From splashy demos to systems you can trust
On September 29, 2025 Anthropic launched two tightly coupled releases: the Claude Sonnet 4.5 model and the Claude Agent Software Development Kit. Sonnet 4.5 is presented as Anthropic’s most capable model for coding and computer use, while the Agent SDK exposes the building blocks needed to create long running, tool using agents with explicit guardrails. In Anthropic’s words, the goal is to move from single session chat to repeatable workflows that survive audits, outages, and handoffs. For an overview of the release, see the official write up in Anthropic’s Sonnet 4.5 announcement.
If you have been waiting for a model that can keep track of complex objectives, use real tools, and run for entire shifts without constant babysitting, this release is a material step. Anthropic reports multi hour to day scale focus, which matters because real business tasks are not one prompt long. They span authentication retries, paging through dashboards, fetching files, waiting on builds, reconciling results, and returning with verified outputs. With the Agent SDK, those steps can be composed into a service you can reason about.
What is actually new in this release
Here is what moves this beyond a shinier chatbot.
-
Memory that lasts and can be managed. The platform introduces purpose built memory tools and context editing so an agent can retain relevant state without dragging around everything it has ever seen. For enterprise teams, the difference is night and day. You can scope what persists, clear it when policies require, and reason about how memory affects action choice.
-
Permissions you can reason about. The Agent SDK supports explicit permission strategies with allow lists, block lists, and a permission mode that decides whether tools require human approval. That makes it feasible to roll out a powerful Bash tool in a read only mode first, then graduate to write access once guardrails and reviews are in place. Implementation details are covered in the Agent SDK documentation.
-
Subagents for specialization and parallelism. Instead of a single, overloaded assistant, you can define dedicated subagents with their own prompts, tools, and context windows. The orchestration layer routes work to them, which keeps the main agent focused while specialists handle security scanning, test running, or browser automation in parallel.
-
Better tool use and computer control. Anthropic expanded its execution capabilities from a Python sandbox to Bash with file creation and direct manipulation, plus first party support for creating documents and spreadsheets from a conversation. Reliable agents must touch real artifacts and operating environments, not just propose them.
-
Stronger alignment and a clearer safety envelope. Sonnet 4.5 ships with AI Safety Level 3 protections and classifier based filters for high risk content. For regulated teams, the presence of an explicit safety level and documented filters is not a marketing note. It is what you show to risk officers when you ask for approval to move from pilot to production. The announcement also highlights stronger results on coding and computer use evaluations.
Under the hood, benchmarks will not perfectly match your stack, yet they are a directional signal that the model navigates live systems more reliably than its predecessors. The real test remains your own scenarios.
The product leap: long running agents that use computers
A key claim is that Sonnet 4.5 can autonomously prosecute multi hour tasks without drifting. That capability turns a class of former demos into operational candidates. Think of concierge agents that file expense reports by driving a browser, site reliability agents that triage incidents across multiple dashboards, or finance agents that assemble close packages with evidence pulled from many systems. If the agent can run for 30 hours with checkpoints, memory, and explicit permissions, you can plan for weekend long runs that hand off to humans on Monday. The additive value is not just speed. It is the ability to move whole workflows under policy.
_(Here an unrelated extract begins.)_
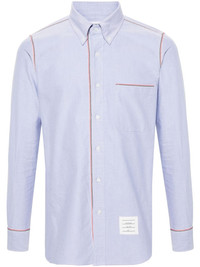 grosgrain-trim cotton shirt A classic with a Thom Browne twist, this flannel shirt is enhanced with the famous brand tag at the front and a grosgrain tab on the back. It's crafted from soft cotton, in a light blue hue. Highlights - Blue/white - Cotton canvas - Signature grosgrain contrasting trim - Rwb stripe - Logo patch to the front - Pointed flat collar - Front button fastening - Long sleeves with buttoned cuffs - Chest patch pocket - Hem gusset - Curved hem Made in Italy Composition Cotton 100% Lining: RDS Product Name: BLACK ORCHID EDP Division: TF (TOM FORD BEAUTY) ALCOHOL DENAT. 100% SIZE & FIT Model measurements Height 6 ft 2 in(1.87 m) Bust/Chest 38.18 in(97 cm) Hips 36.61 in(93 cm) Waist 29.13 in(74 cm) Measurement CHEST 42 in(106.7 cm) LENGTH 29.48 in(74.9 cm) WAIST 42 in(106.7 cm) SLEEVE LENGTH 25.98 in(66 cm) Shoulder Width 17.51 in(44.5 cm) FittingInformation Designed for a regular fit, allowing for a comfortably loose fit throughout the body Made from a midweight fabric This piece fits true to size – take your usual size

This shift lines up with a broader industry move to treat agents like services. We have seen similar patterns in cloud ops stacks and marketplaces that formalize how agents are deployed, observed, and governed. If that is your direction, you will find useful design parallels in our coverage of an ops layer for production agents and how a general chat interface can become action oriented in ChatGPT Agent goes live.
Four build patterns to prioritize now
Below are patterns we see moving fastest from prototype to production on this stack. Each includes a blueprint and the safety controls you should wire in from day one.
1) Operations runbooks that actually run
-
Blueprint
- Main agent: an incident commander with read write access to logs, metrics, ticketing, and a controlled Bash shell for diagnostics.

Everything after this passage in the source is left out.